Café Jacqueline, near the intersection of Grant and Union in San Francisco, has been a culinary legend for 27 years. This tiny restaurant in the heart of North Beach is the subject of a short documentary Perfect Note, Perfect Taste screened at the 2018 Napa Valley Film Festival.
Chef Jacqueline grew up in the south of France, where she learned all about cooking the old-fashioned way – everything from scratch. She learned how to harvest a rabbit, how to harvest a chicken, how to cook each one. This rigorous training was a way of life in the 1940s.
She wanted to open a flower shop or a restaurant after she came to the United States. People discouraged her from the restaurant business. She wanted to see if it would work, she said. Madame Jacqueline took nine months to put together her restaurant concept before she opened the doors. Her concept worked; 27 years later it is still working. Director Phoebe Rubin interviews Chef Jacqueline, her long-time waiter Matthew Weimer, and owners of nearby businesses who have interacted with the chef for years.
Madame Jacqueline provides continuity in a world which is changing constantly. Nothing changes in her world since 1979, when she would pull up in her white Volvo station wagon with flats and flats of eggs, which were carried to her restaurant “like jewel boxes.” She is an amazing woman who does one thing in a special way – she makes souffles.
She is described as being steadfast and pure in her aesthetic – just perfect souffles from scratch. Nothing is made until it is ordered by the customer. There is no fast food here. Her souffles are “the ultimate soul food. Her mark and her presence is in every dish, on every plate. She is an artist.”

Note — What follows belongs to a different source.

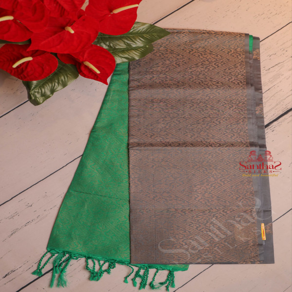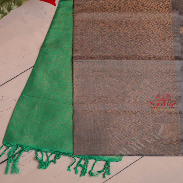 GREY COLOUR BODY WITH GOLDEN ZARI BUTTA WITH CONTRAST BLOUSE & BORDER

Reference is made to something Randall Jarrell wrote – how people try to recreate the same day every day. It is that way at Café Jacqueline. Get that perfect soufflé from the kitchen to the table, as Matthew Weimer says. It is our life.
Madame Jacqueline said she loves to be read to. It is a link with her waiters. At the end of a shift at the restaurant, they read to her — Dickens novels, especially David Copperfield, and E. M. Forster. A lot of reading in 20+ years.
There are so many layers and depths to the experience of dining at Café Jacqueline. When you go there, you enter into her world. Madame says couples fall in love at the Café, come back as marrieds, return after having children. “Peace, health and love are in my heart.” She is magical. So is her café.
Madame says couples fall in love at the Café, come back as marrieds, return after having children.
Rubin began her career in 1996, writing and directing Women Who Cry in Restaurants. For eight years she put everything on hold to raise a grandson, then returned to making short documentaries. She created an autobiographical performance program for teenage students, called “I Came to Live Out Loud.” Rubin holds an MA in psychology, with a concentration in drama therapy.
Eleanor Burke created the sketches in Perfect Note, Perfect Taste. “With love and gratitude from Jacqueline” appears at the end of the film credits.